(Supplied material begins)

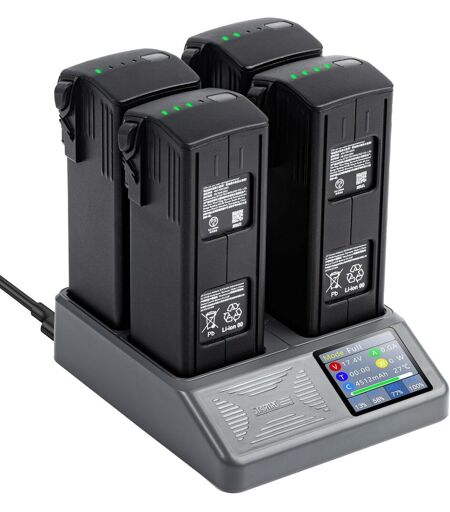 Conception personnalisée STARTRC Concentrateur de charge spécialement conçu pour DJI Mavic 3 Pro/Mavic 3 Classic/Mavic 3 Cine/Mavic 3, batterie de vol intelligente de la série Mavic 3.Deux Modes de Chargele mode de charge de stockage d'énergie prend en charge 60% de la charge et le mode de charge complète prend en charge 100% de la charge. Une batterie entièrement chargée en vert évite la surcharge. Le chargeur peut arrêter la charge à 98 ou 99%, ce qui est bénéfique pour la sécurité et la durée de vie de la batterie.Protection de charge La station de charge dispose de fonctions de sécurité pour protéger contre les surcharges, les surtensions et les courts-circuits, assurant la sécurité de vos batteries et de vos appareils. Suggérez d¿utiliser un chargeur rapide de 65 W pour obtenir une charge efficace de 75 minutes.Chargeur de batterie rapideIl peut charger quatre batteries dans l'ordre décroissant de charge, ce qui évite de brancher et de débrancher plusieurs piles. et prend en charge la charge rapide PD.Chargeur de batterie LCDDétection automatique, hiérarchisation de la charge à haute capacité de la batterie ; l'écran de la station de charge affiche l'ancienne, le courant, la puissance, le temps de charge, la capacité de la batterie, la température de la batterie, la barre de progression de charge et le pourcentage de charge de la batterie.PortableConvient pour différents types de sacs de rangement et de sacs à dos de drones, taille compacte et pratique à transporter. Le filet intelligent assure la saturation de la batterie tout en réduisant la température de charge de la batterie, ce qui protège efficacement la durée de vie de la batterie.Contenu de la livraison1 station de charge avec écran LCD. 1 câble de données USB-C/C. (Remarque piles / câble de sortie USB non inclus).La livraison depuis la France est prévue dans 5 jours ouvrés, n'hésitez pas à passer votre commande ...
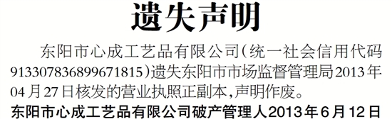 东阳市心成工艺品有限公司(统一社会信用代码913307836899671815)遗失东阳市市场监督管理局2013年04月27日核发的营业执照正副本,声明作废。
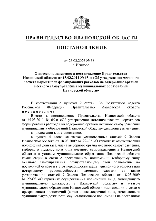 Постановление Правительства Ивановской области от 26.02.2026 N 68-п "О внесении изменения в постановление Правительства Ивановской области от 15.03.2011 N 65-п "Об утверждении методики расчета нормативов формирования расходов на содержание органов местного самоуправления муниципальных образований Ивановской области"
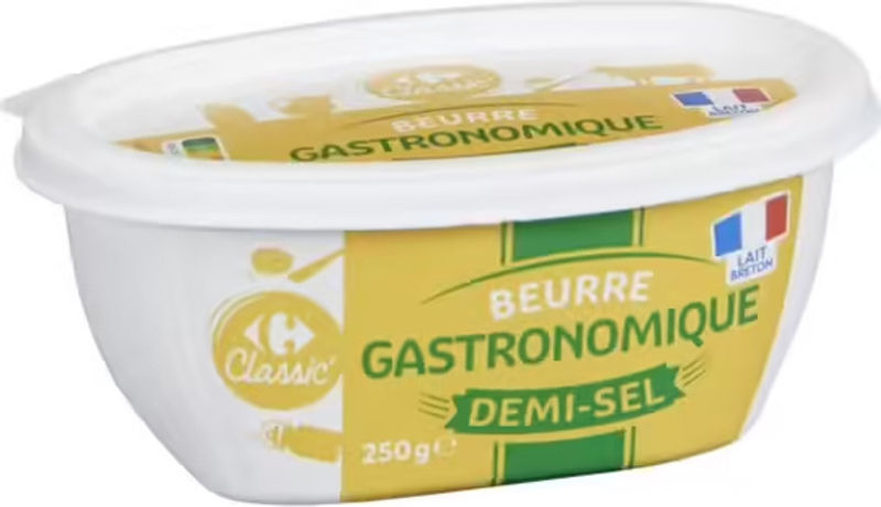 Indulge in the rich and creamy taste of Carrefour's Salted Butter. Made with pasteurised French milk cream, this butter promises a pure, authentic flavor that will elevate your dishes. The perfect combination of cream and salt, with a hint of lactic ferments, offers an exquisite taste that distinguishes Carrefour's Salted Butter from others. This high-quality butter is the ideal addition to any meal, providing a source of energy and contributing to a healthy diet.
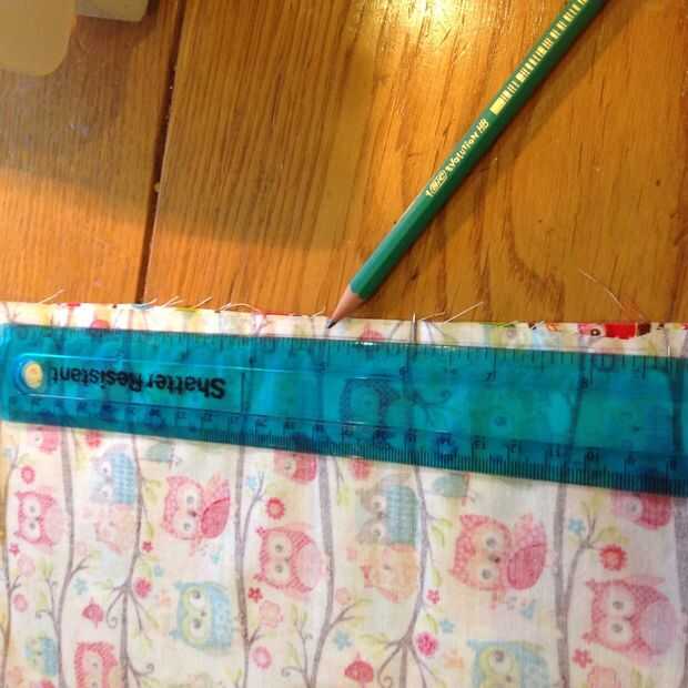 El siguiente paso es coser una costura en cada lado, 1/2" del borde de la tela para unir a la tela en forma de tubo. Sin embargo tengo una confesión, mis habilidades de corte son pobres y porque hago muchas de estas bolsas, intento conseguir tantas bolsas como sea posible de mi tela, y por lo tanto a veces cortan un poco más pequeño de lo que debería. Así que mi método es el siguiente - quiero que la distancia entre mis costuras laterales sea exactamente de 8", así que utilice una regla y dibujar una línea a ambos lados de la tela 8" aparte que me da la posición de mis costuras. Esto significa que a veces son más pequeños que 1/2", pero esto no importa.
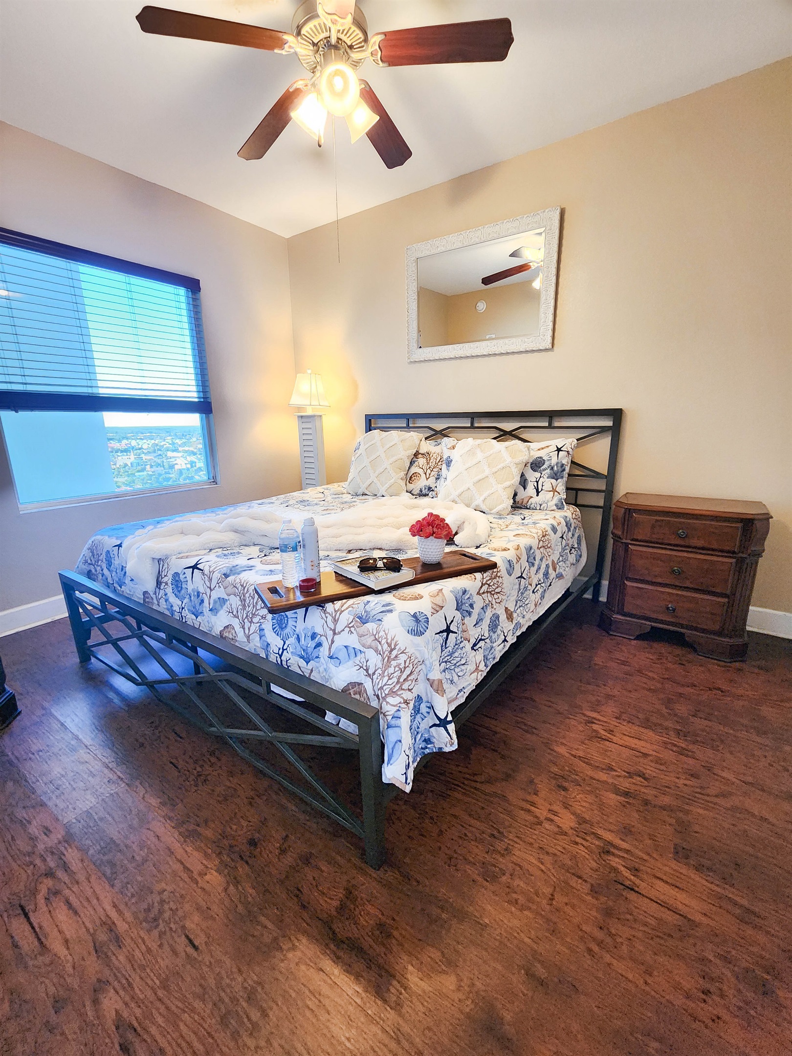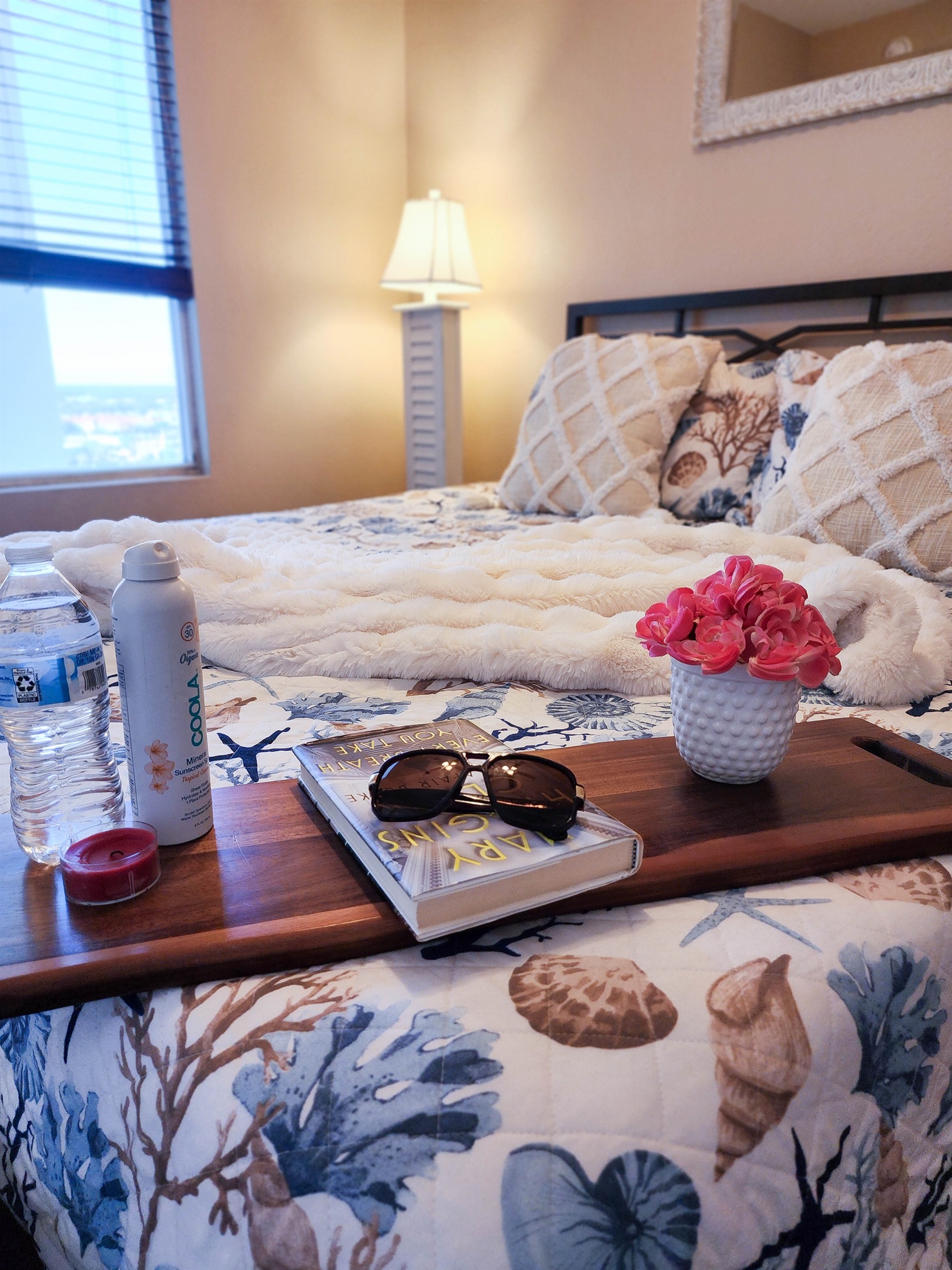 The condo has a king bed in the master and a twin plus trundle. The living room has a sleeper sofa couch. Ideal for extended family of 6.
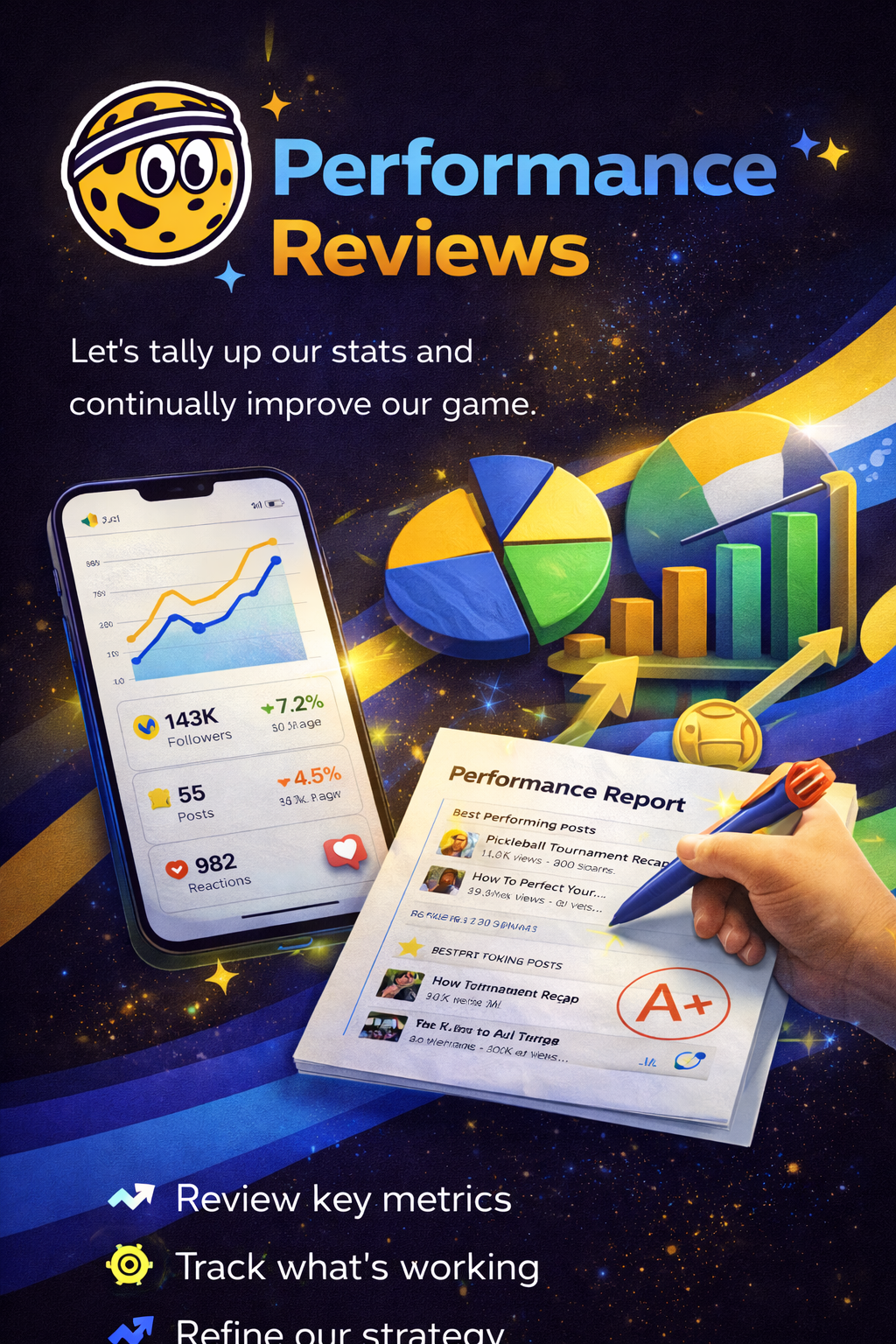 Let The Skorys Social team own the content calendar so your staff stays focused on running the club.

(Supplied material ends)

What you have to do:
Your copy should consist solely of the lines from the line containing "Indulge in the" through the last line of the records above, reproduced exactly, with the pictures left out.

The answer:
 Indulge in the rich and creamy taste of Carrefour's Salted Butter. Made with pasteurised French milk cream, this butter promises a pure, authentic flavor that will elevate your dishes. The perfect combination of cream and salt, with a hint of lactic ferments, offers an exquisite taste that distinguishes Carrefour's Salted Butter from others. This high-quality butter is the ideal addition to any meal, providing a source of energy and contributing to a healthy diet.
 El siguiente paso es coser una costura en cada lado, 1/2" del borde de la tela para unir a la tela en forma de tubo. Sin embargo tengo una confesión, mis habilidades de corte son pobres y porque hago muchas de estas bolsas, intento conseguir tantas bolsas como sea posible de mi tela, y por lo tanto a veces cortan un poco más pequeño de lo que debería. Así que mi método es el siguiente - quiero que la distancia entre mis costuras laterales sea exactamente de 8", así que utilice una regla y dibujar una línea a ambos lados de la tela 8" aparte que me da la posición de mis costuras. Esto significa que a veces son más pequeños que 1/2", pero esto no importa.
 The condo has a king bed in the master and a twin plus trundle. The living room has a sleeper sofa couch. Ideal for extended family of 6.
 Let The Skorys Social team own the content calendar so your staff stays focused on running the club.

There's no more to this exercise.